# Wolfenstein - The New Order



## Geoffrey (Jul 28, 2014)

Anyone played this yet?  I'm thinking of getting it for PS3 and with the limited time I get to play games I need to choose carefully!  Looks good if a little cheesy maybe?  I wish there was a Last of Us 2!


----------



## golightly (Jul 28, 2014)

Have a look at this thread:

http://www.urban75.net/forums/threads/which-games-are-you-looking-forward-to-in-2014.318662/

There's some discussion about Wolfenstein amongst others.


----------



## Cid (Jul 28, 2014)

I thought it was very well done, but I played it on PC, natural home of the FPS. Having said that some of the cover controls probably make more sense on console. It's not as cheesy as you'd expect. There are female characters that aren't utterly 2-dimensional, there's emotion in there, the resistance are a mix of likeable and odd. Not simple. This is relatively speaking of course, but comes across better than many games (not played the last of us).

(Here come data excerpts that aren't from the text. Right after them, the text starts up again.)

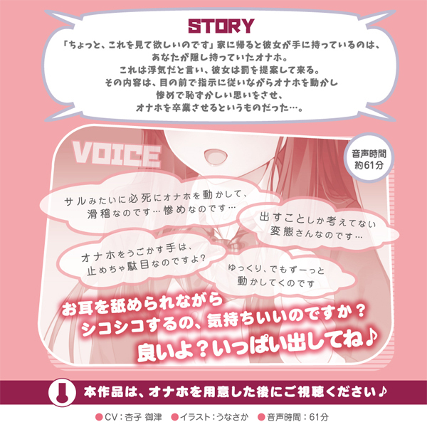 「ちょっと、これを見て欲しいのです」家に帰ると彼女が手に持っているのは隠し持っていたオナホ。罰として彼女の目の前でオナニーをする事になるあなた…。バイノーラル録音で、実際に目の前で囁かれているような超臨場感!?CV:杏子御津様の可愛いお声によるオナサポ音声です♪「あなたはもう、私が「いいよ」っていうまで絶対逝ったらだめなのです」「お耳を舐められながらシコシコするの、気持ちいいのですか?」「サルみたいに必死にオナホを動かして、滑稽なのです…」「オナホを動かす手は、止めちゃ駄目なのですよ?」あなたの行動は管理され、出したいタイミングで出すことも許されない…最後は耳舐めをされながらのフィニッシュで、今までとは違った快感を…時間:61分※オナホを用意してから視聴して下さい。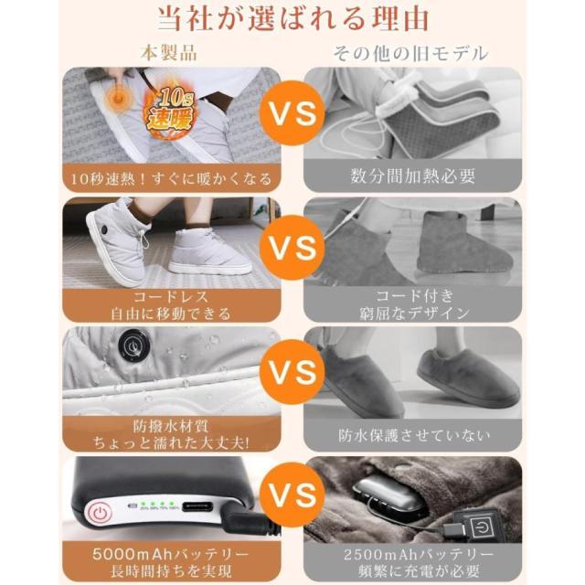 電気スリッパ フットウォーマー 電気 電熱スリッパ コードレス 足温器 歩ける スリッパ 電熱ブーツ おしゃれ 4000/5000mAh電池 即暖 3段階調節 電気足温器 ヒーター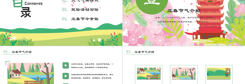 01. 立春節(jié)氣介紹02. 天氣氣候特點03. 民俗活動習俗04. 立春節(jié)令食俗
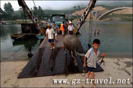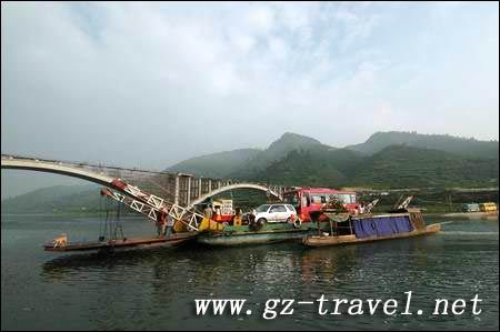 凯里到镇远必经过清水江,在台江的施洞至施秉的马号段,由于没有公路大桥,来往的车辆一直是采用轮渡过江。该轮渡1984年建成至今已有21年的历史,江水宽度一百余米,是贵州现存的最后的轮渡。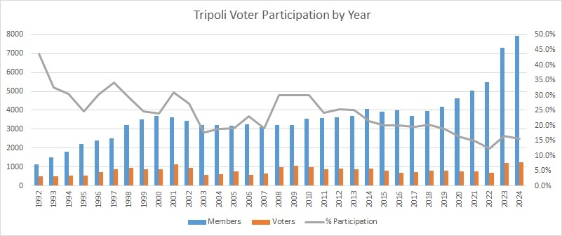 According to Tripoli's bylaws:  "The committee shall solicit candidates and oversee the balloting process for the election of directors."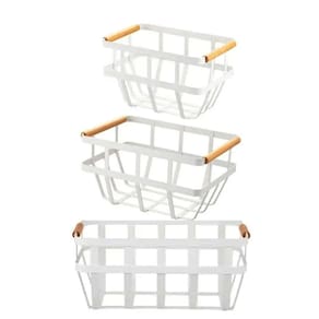 Kit 3 Cesto De Metal Com Alca De Bambu Frutas Branco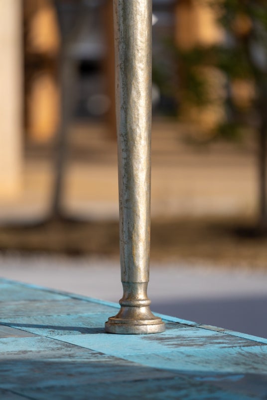 用いたのは、細く素朴な装飾を施した柱。自然物を抽象化した原初的なデザインによって、柱は「構造材」というよりも「自然に近い存在」として、人の無意識に穏やかに溶け込んでいきます。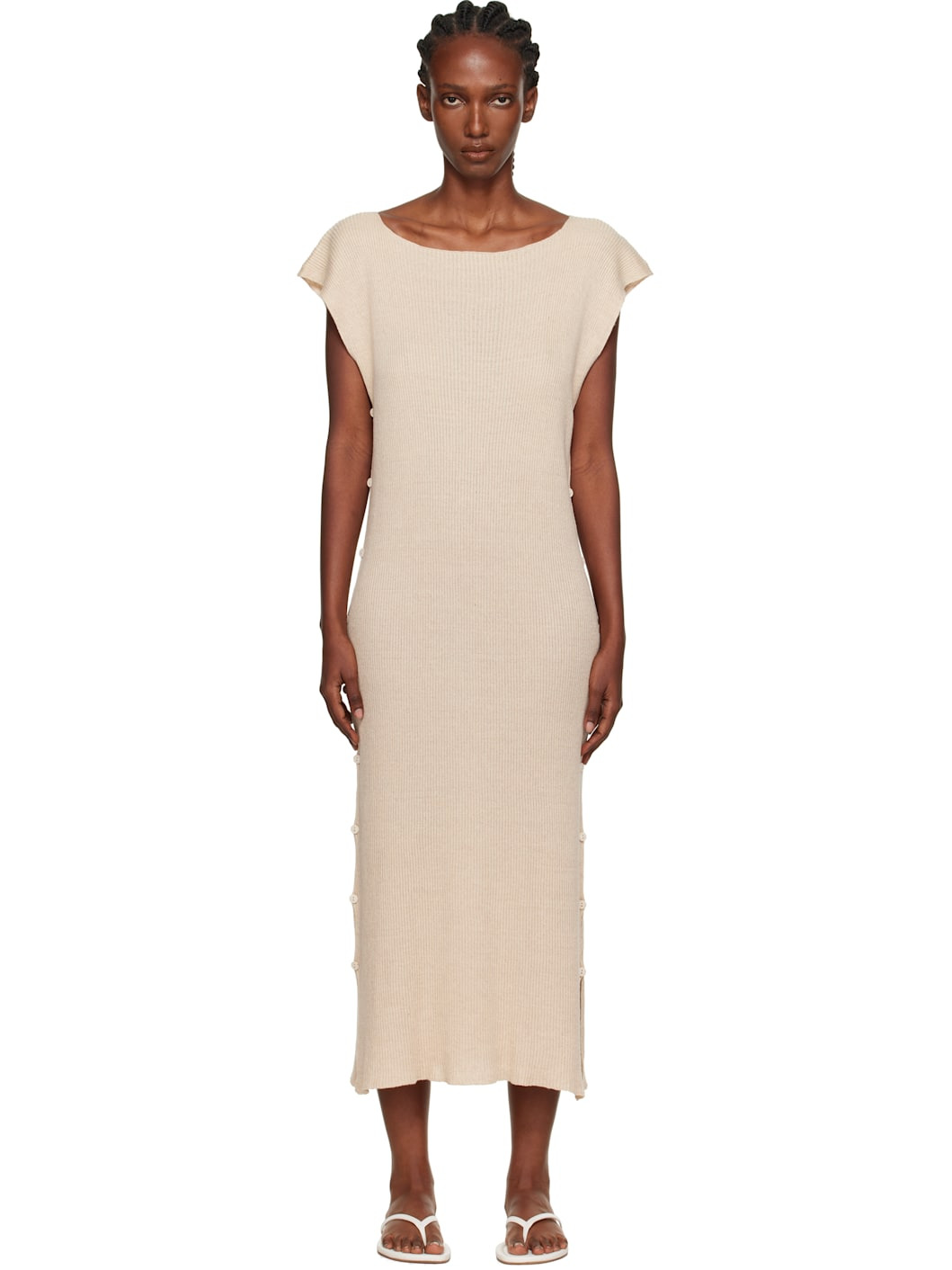 Rib-knit linen- and organic cotton-blend maxi dress. · OEKO-TEX®-certified · Boatneck · Button fastening at open side seams Supplier color: Lata beige 55% linen, 30% organic cotton, 15% seacell. Made in France 252922F055006

On the vital criteria of gameplay, it's very solid. I mean it's an FPS, there's not an enormous amount you can do with the format, but the sneak element is decent, the enemies variable enough and sometimes challenging. The mix of environments is great as well, won't spoil that. It's good, you definitely won't regret buying it.


----------



## cypher79 (Jul 28, 2014)

I haven't played it but looks like it got all positive reviews, haven't seen any negative ones. I'm just waiting for it to drop in price a bit more before I get it (got a bit of a backlog atm). If you like FPS games and not bothered about multiplayer, then get it.


----------



## rubbershoes (Jul 29, 2014)

I was given it as a pressie. 

It won't play on my crappy old pc


----------



## ruffneck23 (Jul 29, 2014)

yeah its great fun, killing nazis is always fun, ive finished the single player campaign , but need to play it again and make the ' other ' choice quite near the beginning


----------



## Geoffrey (Jul 29, 2014)

Think I'll pick it up this week.  Would rather have it for PC than PS3, my only regret when dumping the PC for a mac last year, there's just no where near the choice of games available.  The setting seams intriguing,  with the alternative history of the nazis at large after winning WW2.  I'll just have to wait until the wee mans in bed before I deal some death to the Nazi scum!


----------



## ruffneck23 (Jul 29, 2014)

My mate uses windoze on the mac , and that seems to work


----------



## Kid_Eternity (Jul 30, 2014)

Really like the look of it but put off but the lack of online multiplayer...


----------



## Geoffrey (Jul 31, 2014)

ruffneck23 said:


> My mate uses windoze on the mac , and that seems to work



I have heard of this, gonna have a look into it.



Kid_Eternity said:


> Really like the look of it but put off but the lack of online multiplayer...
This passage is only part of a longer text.